'Herbal abortions have been around for centuries. But its only with the rise of the internet that the Vitamin C method has really gained traction.'
Words by Pascale Day
As millennial women, most of us have never had to worry too much about how and where, if necessary, we would get an abortion.
Terminations have been legal in the UK since the late sixties and in America since Roe v. Wade in 1973 giving us the sense that it is our ineradicable right.
But now, for America at least, it seems that women must face the reality the right to an abortion is very much under threat. Last month President Trump passed a law that reinstated the global gag rule, depriving millions of vulnerable women worldwide from accessing reproductive health services.
For women in countries where healthcare comes at a cost, monetary or otherwise, the price of an abortion is often just too steep driving many who are desperate to wade into the treacherous waters of online medical advice, a world awash with pseudo-scientific DIY remedies.
In 2015, there were over 700,000 Google searches in the US that asked how to self-induce an abortion. Tens of thousands of those searches specified abortion using vitamin C or other herbs.
Herbal abortions have been around for centuries and, as a pamphlet from 1981 shows, vitamin C has been a noted abortifacient for decades. But it is only with the rise of the internet that the method has really gained traction.
The immediacy of the internet provides women with a wealth of options at breakneck speed: ‘Vitamin C abortion’ returns around 667,000 search results in 0.78 seconds. It’s easier and quicker to ask Google or Reddit or even Twitter for anecdotal medical advice rather than to schedule an appointment with your doctor.
This, teamed with the fact that the stigma of abortion is still so deep-rooted that even doctors are afraid to train as abortion specialists, makes the internet, for some, a safe space to get abortion advice quickly and without judgement.
This vast number of Google searches in the US speak for themselves. However, restrictions on reproductive rights apply closer to home, too. Abortion in Ireland is illegal unless the life of the mother is at risk. So strict are their laws that in 2014, a 21-year-old woman in Northern Ireland who took abortion tablets bought online, received a suspended prison sentence after her housemates reported her to the police.
The Isle of Man, although less strict than Ireland, has laws with a number of restrictions that make the process difficult, and there are no organisations on the Isle of Man that can help to facilitate abortions.
Though a clinical abortion in the UK is legal, self-aborting is not. Barring Ireland, the UK has one of the harshest punishments for self-induced abortion than any other country in Europe, which, in extreme cases can lead to life imprisonment.

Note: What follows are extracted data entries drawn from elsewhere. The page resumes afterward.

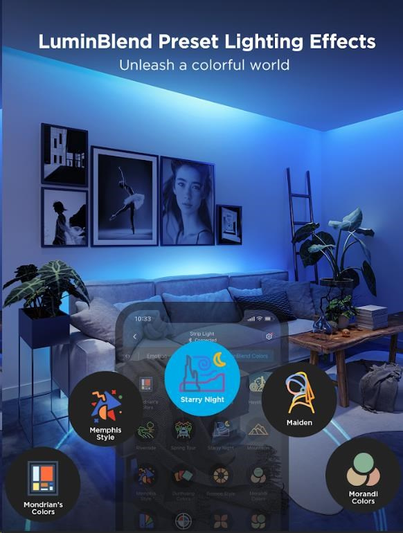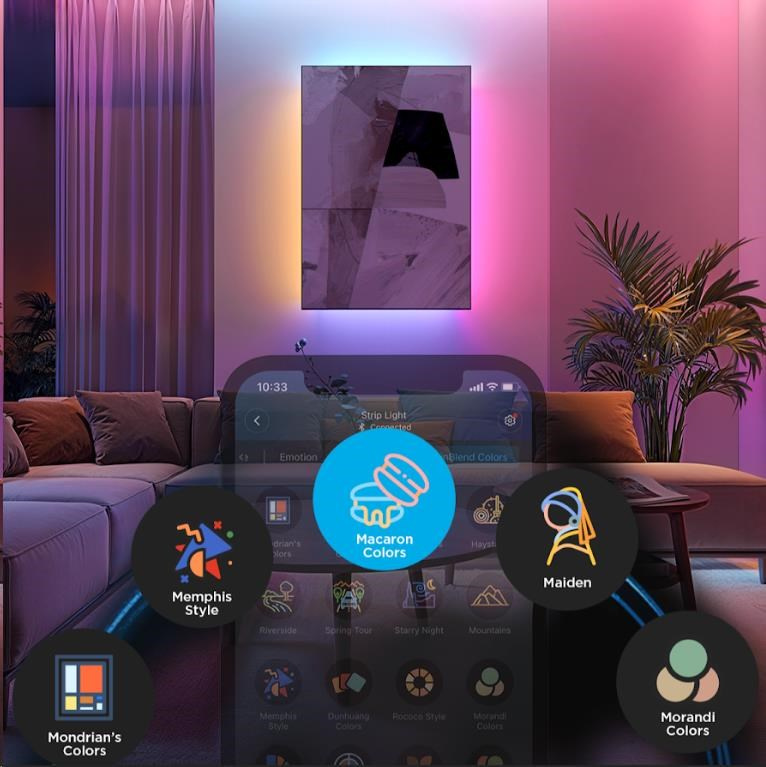 Pokročilý DIY režim LED Strip Light 2 Pro umožňuje vytvárať vlastné svetelné efekty, zatiaľ čo desiatky prednastavených scén vám poskytujú okamžitú inšpiráciu pre rôzne príležitosti – od relaxačného večera po energickú párty. Každá scéna je navrhnutá tak, aby maximálne využila možnosti plynulých prechodov farieb a dynamických efektov. So 16 miliónmi farieb si môžete hrať s nekonečnými kombináciami, ktoré sa dokonale prispôsobia akejkoľvek atmosfére. Synchronizácia s hudbou navyše zabezpečuje, že svetlá oživí každý rytmus a zvýši zážitok z počúvania.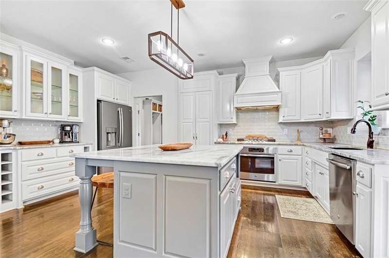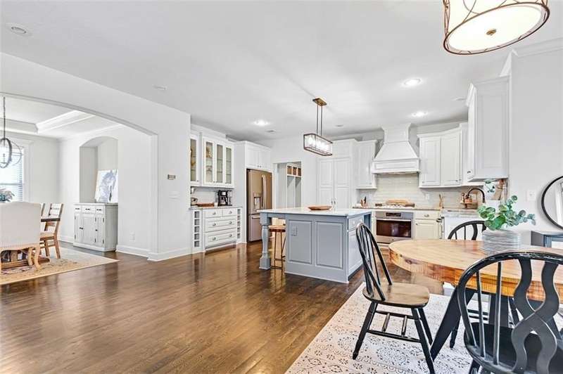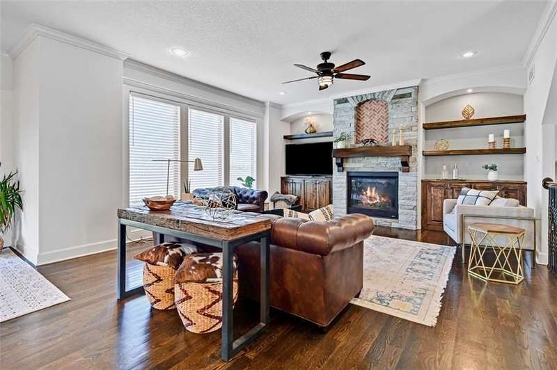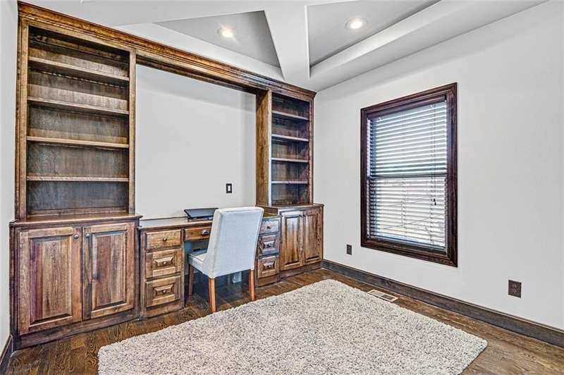 Beautiful 2-Story home is ready to move into! Hardwoods throughout the main level! Fabulous built-ins and designer touches throughout! Custom kitchen cabinets with large island, extra hutch space and walk-in pantry provide plenty of storage space. Eat in kitchen plus formal dining room allow for gathering family and friends. Boot bench at garage entrance keeps shoes, bags and coats organized. Main level bedroom or office with built-ins and access to full bath. Kitchen opens to great room with even more built-ins and a beautiful stone fireplace! Walk out to the covered, stamped concrete patio and enjoy the cozy firepit. Unfinished basement provides additional storage space.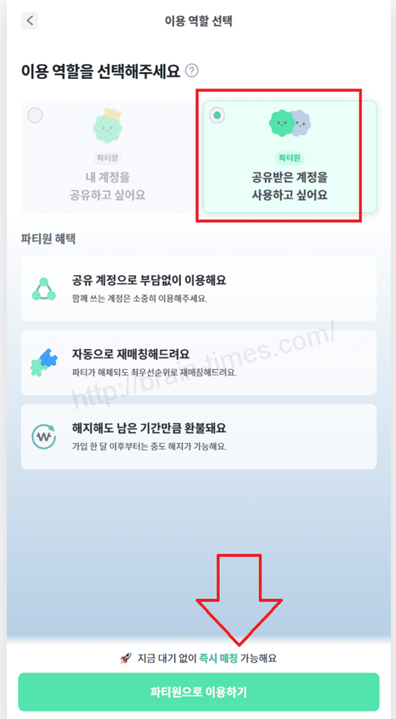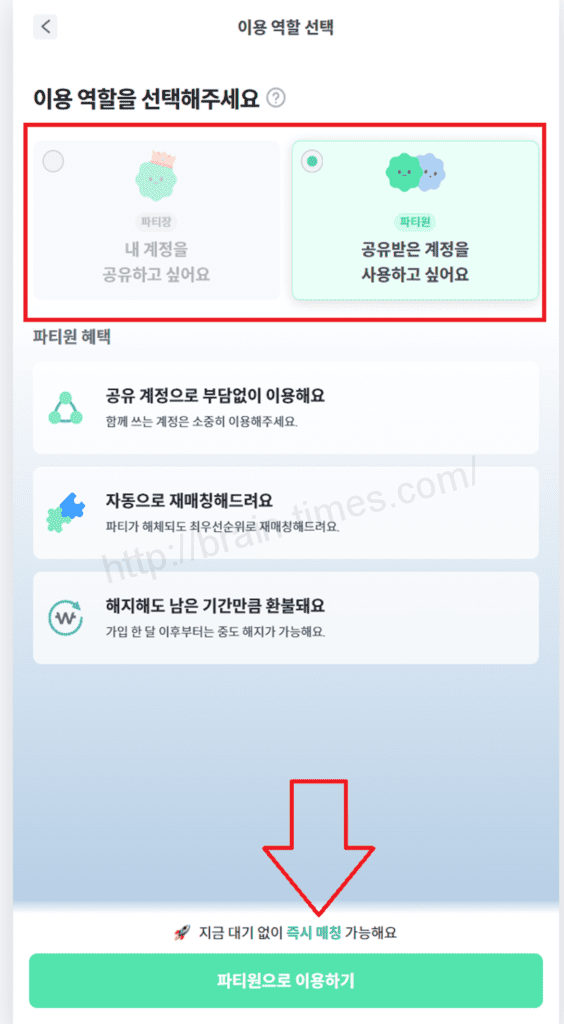 이 과정에서는 파티장으로 가입할지, 파티원으로 가입할지를 선택해 주십시오.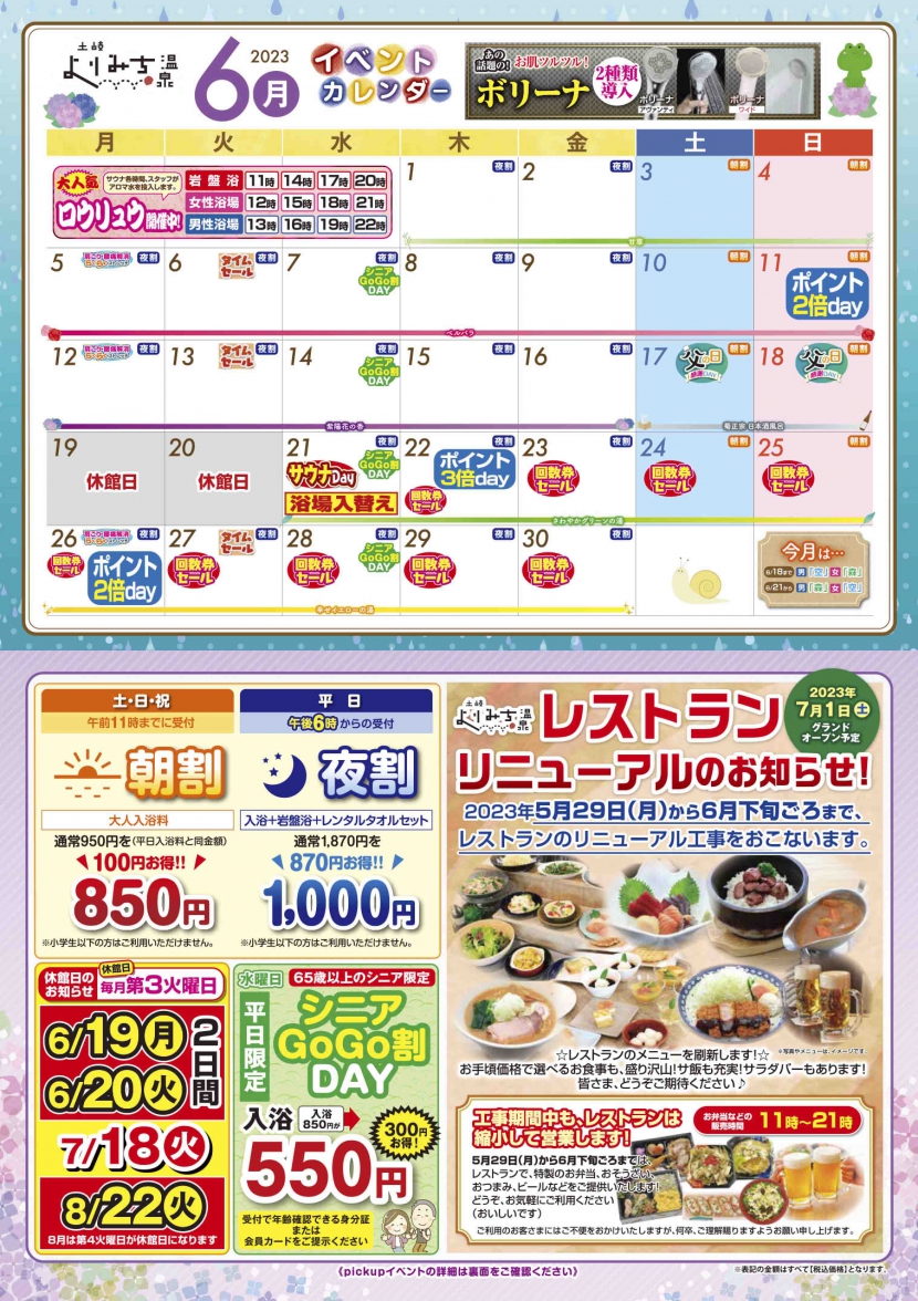 2023年6月21日(水)~25日(日)さわやかグリーンの湯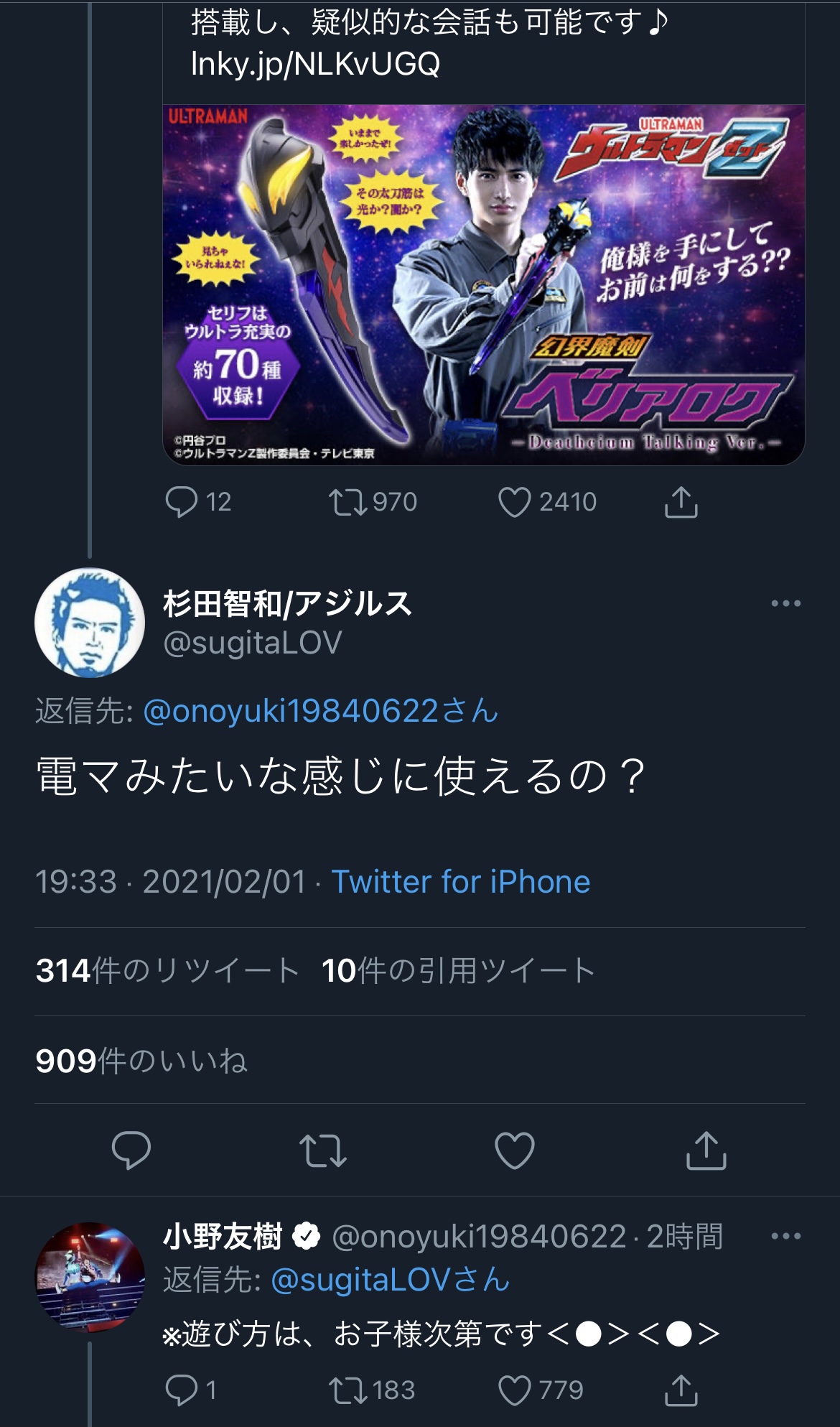 叫ぶだけならセブンが「デュワ!」と名前や固有名詞ならAの「ウルトラ・タッチ!」が最初>>904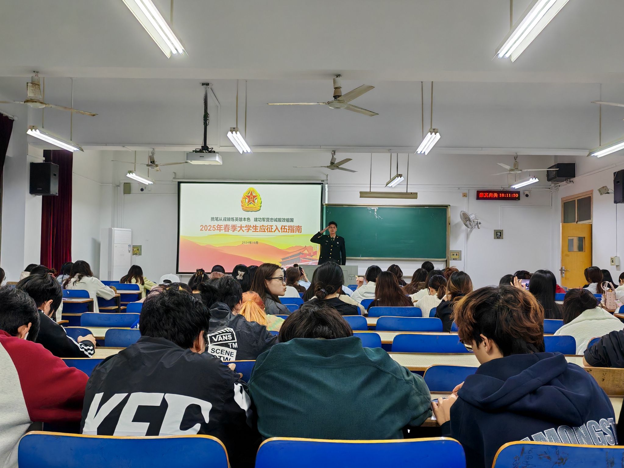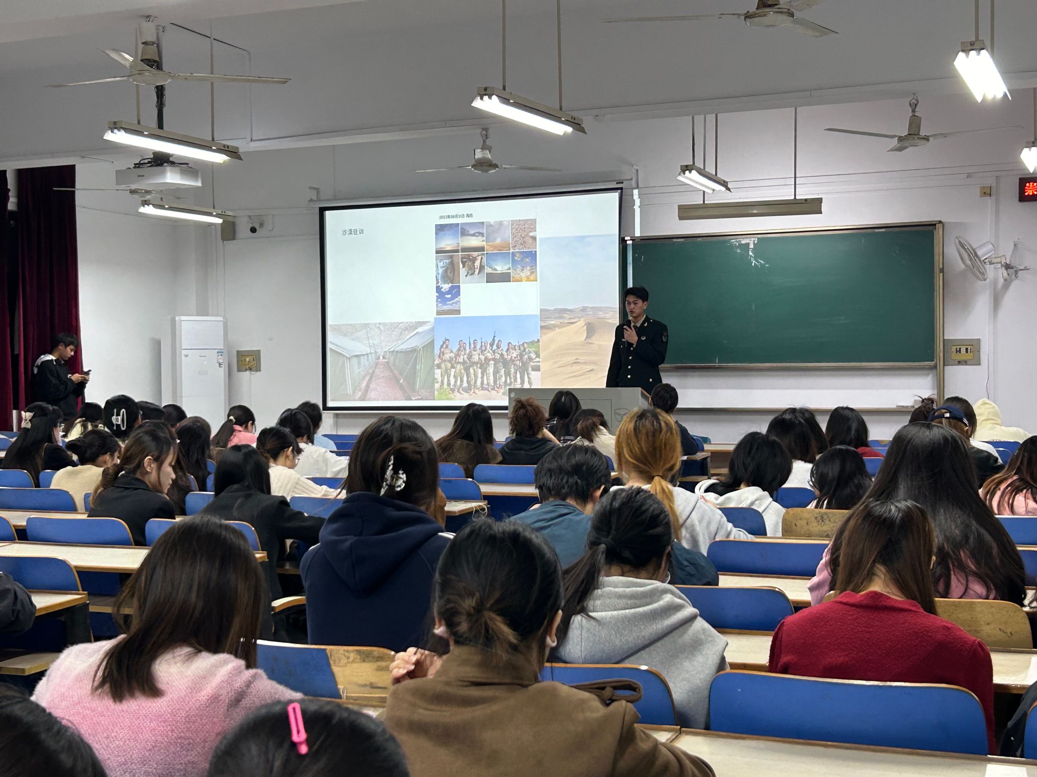 携笔从戎,报效祖国,激扬青春,筑梦军旅。依法服兵役是每个中华人民共和国公民的光荣义务。为点燃英国上市公司官网365学子对于参军入伍的热情,用热血书写军旅生活,英国上市公司官网36511月10日在5308教室举行退役士兵交流活动暨征兵宣传大会。退役士兵程万里受邀宣讲,2022级服工专业同学参加活动。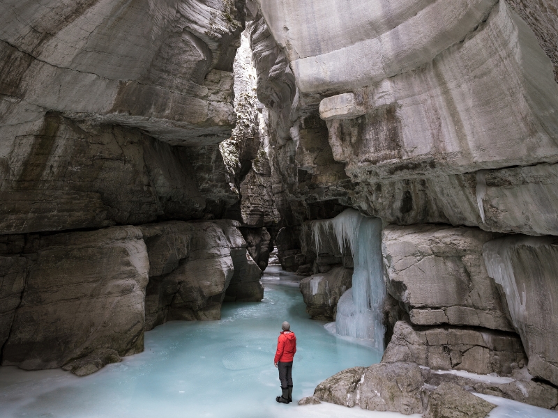 Embark on a journey from Vancouver, where the city’s mild winter gives way to the awe-inspiring, snow-draped peaks of the Canadian Rockies. As you leave behind the urban bustle, the train winds its way through the serene Fraser Valley and into the heart of the Rockies, where winter’s magic truly comes alive. Step off the train in Jasper for an abundance of activities such as an ice walk through the stunning Maligne Canyon, where frozen waterfalls and ice formations create a breathtaking winter wonderland.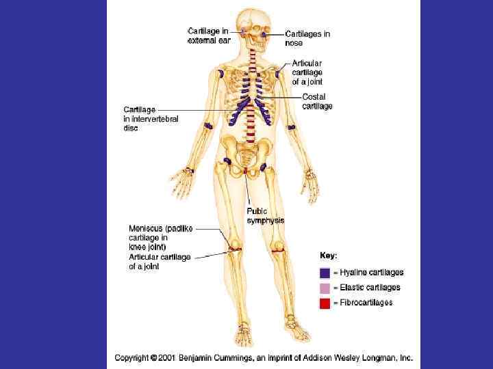 • Хондроциты - имеют больший размер и овальную форму. Они лежат в особых полостях межклеточного вещества – лакунах. Хондроциты часто образуют т. н. изогенные группы из 2 -6 клеток, которые произошли из одной клетки. При этом некоторые хондроциты сохраняют способность к делению, а другие активно синтезируют компоненты межклеточного вещества. За счёт деятельности хондроцитов происходит увеличение массы хряща изнутри - интерстициальный рост.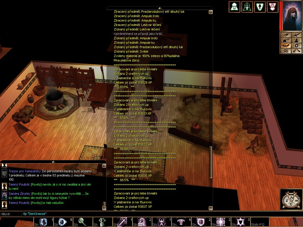 Sandra pracovala u kovadliny, když mne náhle přepadla potřeba urychleně navštívít WC. Po návratu odlehčen jsem s hrůzou zjistil, že mi někdo manipuloval postavou - přesunul ji na jiné pracoviště a snažil se tam vyrábět, a vybíral předměty z inventáře a po prohlídnutí je zase vracel - přes kanál PJ jsem se dotázal, zda to dělá DM, ale jediný přihlášený DM tvrdil, že to nedělá a že jiný přihlášený není. Pokud s cizí postavou může manipulovat nějaký hráč, je to hrůza !!! V příloze screeny.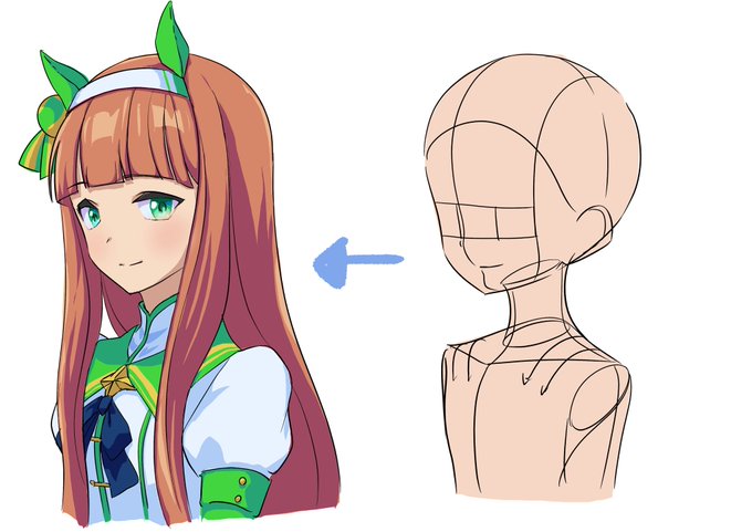 210910 斜め顔練習1週間の成果 ①斜め顔素体を何も見ず描ける ↓ ②そこに既存のキャラを乗せて描く 線画も塗りも雑ですが、スラスラとここまで描けたのは正直びっくりandめちゃくちゃ嬉しい! 引き続きがんばります💪 #アニメーター志望 #ウマ娘
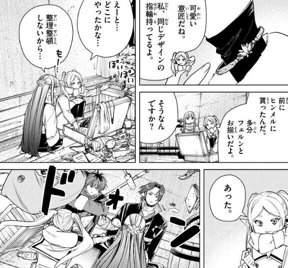北側諸国バンデ森林を進むフリーレン達は、商人の馬車に同乗させてもらっています。フリーレンはフェルンが新しいブレスレットをしているのに気付き、見せてもらいます。フリーレンは同じデザインで前にヒンメルに貰った指輪を持っていると言い、指輪を探しますが整理整頓をしていないのでなかなか見つかりません。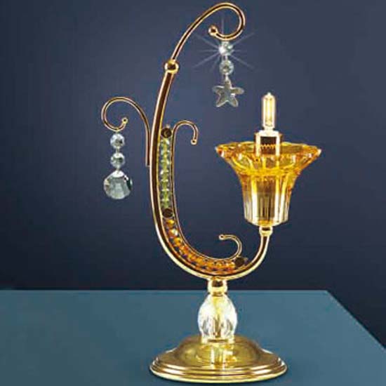 The luscious table lamp is delicately constructed of a swirling frame with sparkling crystals. It is operated by a single lamp housed in a candle holder. Add an exotic touch to any interior space with this crystal table lamp.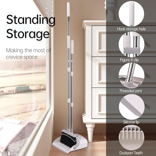 - 【Easy Assembly】Just need screw the extension poles into the hole and quickly complete the installation. And the dustpan can be stored upright and easily put into a narrow space to make the room tidier and save space, if you want to hang it for storage, this broom can also meet your requirements. Our OPTTIDI broom and dustpan set is to bring great convenience to your life.

New data provided by BPAS from the Medicines and Healthcare products Regulatory Agency shows that there has been a huge shift in the number of women in England, Wales and Scotland looking to procure abortion pills, jumping from just 5 pills in 2013 to 275 in 2016. Last year, 645 abortion pills were seized on their way to UK addresses.
This is where the ascorbic acid comes in. Women are able to get their hands on high doses of it. One blog claims that 6000mg of vitamin C each day for three days is sufficient. Standard tablets can contain anywhere between 200-1000mg of vitamin C.
Others suggest parsley tea or insertion of organic parsley directly into the vagina as a pessary.
On one site, Sister Zeus, the author offers the disclaimer that the information provided is ‘not intended as a guide,’ but goes on to provide step-by-step instructions on how to use herbs and vitamin C to induce an abortion, and writes copious analyses that are riddled with fallacies and factual blind spots. But medical experts strongly advise against following the advice of such sites and blogs which pose serious health threats.
The appeal of vitamin C over other herbs might be that, whilst no one really knows the effects of large amounts of ascorbic acid on the body, it is considered generally less harmful than herbs like Pennyroyal, which in some cases has caused death. A 1970s study in a Russian scientific journal, considered the first and only real study of vitamin C as an abortifacient, concluded that the high levels of vitamin C stimulated the release of oestrogen, triggering a miscarriage, but did not have any harmful side effects short term.
But there are plenty of horror stories from women who have tried such techniques with devestating effects including incomplete abortions requiring urgent medical care.
Sadly such accounts just illustrate the desperate lengths many women will go to when their rights to safe abortions is restricted. It is naïve to think that limiting a woman’s access to clinical abortions means that there will be fewer abortions. Simplistically banning abortion doesn’t stop desperate women from seeking them out and getting them. It just makes the experience more expensive, more dangerous, and perhaps worst of all, more lonely.